I have been stuck with this issue for quite a while. Can someone suggest on what approach I should use to access my redis-cluster outside my network ?
Thanks
Running ./redis-trib.rb create --replicas 1 172.30.79.2:6379 172.30.79.3:6379 172.30.79.4:6379 172.30.96.2:6379 172.30.96.3:6379 172.30.96.4:6379 doesn't make sense with this setup.

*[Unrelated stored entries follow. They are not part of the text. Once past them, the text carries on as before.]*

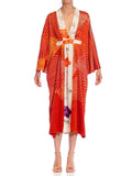 MORPHEW COLLECTION Red Shibori Japanese Kimono Silk Body Kaftan Hand Painted Cream Detailing
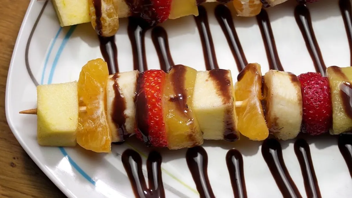 Brochetas de fruta con chocolate. Un postre original muy fácil y rápido de hacer en casa, pensado para que los niños coman fruta.
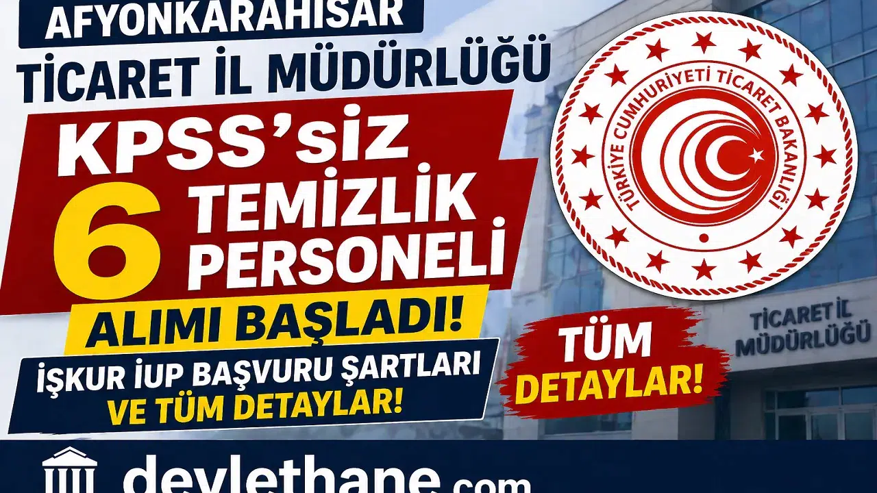 Afyonkarahisar’da kamu iş arayanlar için yeni bir fırsat daha duyuruldu. Afyonkarahisar Ticaret İl Müdürlüğü, İŞKUR İşgücü Uyum Programı (İUP) kapsamında KPSS şartı olmadan 6 temizlik personeli alımı yapacağını açıkladı. Özellikle KPSS’siz işçi alımı 2026, İŞKUR personel alımı, Afyonkarahisar iş ilanları gibi aramaların yoğunlaştığı bu dönemde yayımlanan ilan, sınırlı kontenjan nedeniyle dikkat çekiyor.

The port 6379 is only accessible through the service which you brough up, but never directly as you try. That's why you run into issues when you try to use your setup.
What you can do is to expose each POD with it's own service and have one additional cluster services to loadbalance external requests. As shown in the example repository from Kelsey Hightower. This way the PODs can communicate though the internally exposed ports and (external) clients can use the loadbalanced cluster port. The implication then is also that each POD requires it's own ReplicaSet (or Deployment). There's a long talk available on YouTube from Kelsey explaining the setup - YouTube / Slideshare.
An alternative would be to use a single redis master as shown in other examples.